Das Deutsche Tanzarchiv hat einen Coup gelandet: Nachlassbestände von Kurt Jooss und Isadora Duncan ziehen um ins Kölner Domizil. Erstmals in den neu angekommenen Kisten stöbern durfte Bettina Trouwborst.

Kurt Jooss schied im Zorn. Nachdem er im September 1968 in Stockholm mit dem Cullberg-Ballett den «Grünen Tisch» einstudiert hatte, kehrte er nicht mehr an die Folkwangschule zurück. Die Leitung der Tanzabteilung hatte er, mit 67 Jahren schon im Pensionsalter, bereits kommissarisch an Hans Züllig übergeben. Für sich selbst hatte er einen Vertrag als Lehrbeauftragter ausgehandelt. Da erreichte ihn nun in Schweden die Nachricht, dass Folkwang-Studenten einen Beschwerdebrief formuliert hatten und gegen den Unterricht seiner Tochter Anna aufbegehrten.
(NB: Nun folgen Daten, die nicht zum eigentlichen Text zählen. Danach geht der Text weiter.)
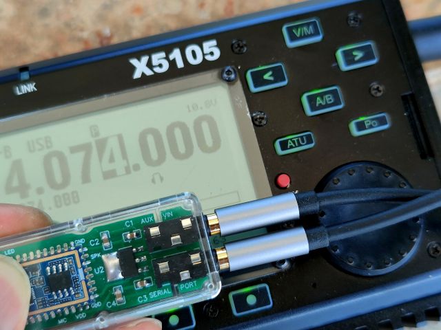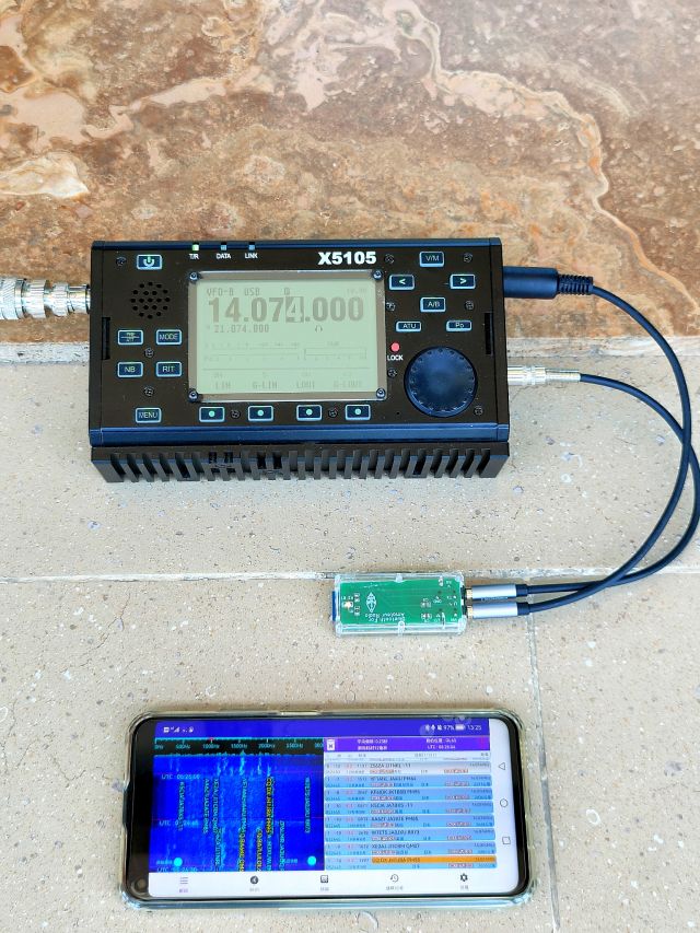 自带蓝牙并支持手机无线连接控制FT8通联的业余无线电电台屈指可数,所以自己一开始的想法就是给没有集成蓝牙的电台额外添加模块。为了节省时间,所有场景都是临时搭建的,以最简单快捷的方式打板。近期测试机型为协谷的X5105,主要是这款电台携带方便,内置锂电池,HF+50Mhz的工作频段,十分适合户外随时通联,配上简易天线和手机就能玩转FT8。测试PASS的蓝牙模块使用自制数据线连接X5105,并从电台ACC口取8V供电,经降压后给蓝牙模块使用。音频方面可使用π型匹配输入。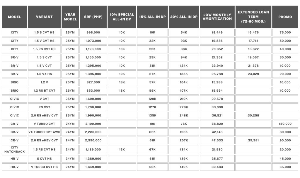 2. Low Cash-out and Low Monthly Amortization All-In Bundle applicable for current e:HEV models: Customers are entitled to 15% or 20% down payment for 36 to 60 months. Moreover, discounts can be applied to lower the down payment. Fifteen Percent (15%) down payment is not applicable to PSBank. This is subject to bank approval.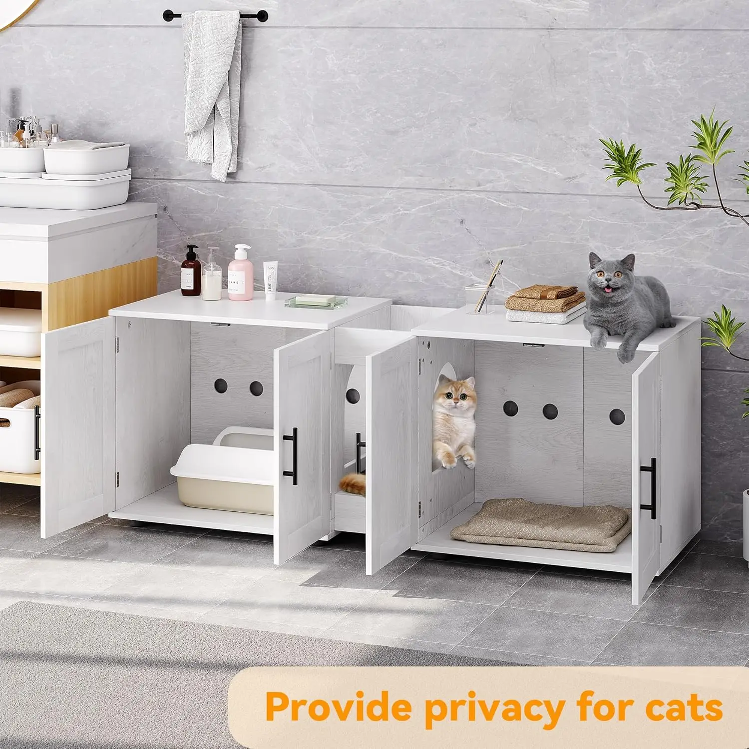 ·Sophisticated design: Our double-cage cat litter cabinet features a carefully designed entrance hole in the middle section, allowing for easy access for your cats while promoting proper ventilation and lighting within the interior space. Additionally, the cabinet is constructed with waterproof materials, making it effortless to clean and maintain.

Sie drohten gar mit Boykott, beseelt vom antiautoritären Geist der Studentenrevolte, die das ganze deutsche Hochschul-Wesen erschütterte. Jooss sprach sich offenbar für einen offenen Dialog mit beiden Seiten aus, doch Züllig suspendierte Anna Markard sofort vom Unterricht in den höheren Klassen. Dieses Vorgehen empfand Jooss als Affront: ausgerechnet Züllig, der Freund und künstlerische Wegbegleiter! Er brach mit ihm und mit Essen-Werden.

Nach Schweden
Der große Choreograf und Pädagoge wandte sich Schweden zu. Sein langjähriger Freund Bengt Häger, der 1953 das Dansmuseet gegründet hatte und das Choreografische Institut in Stockholm ...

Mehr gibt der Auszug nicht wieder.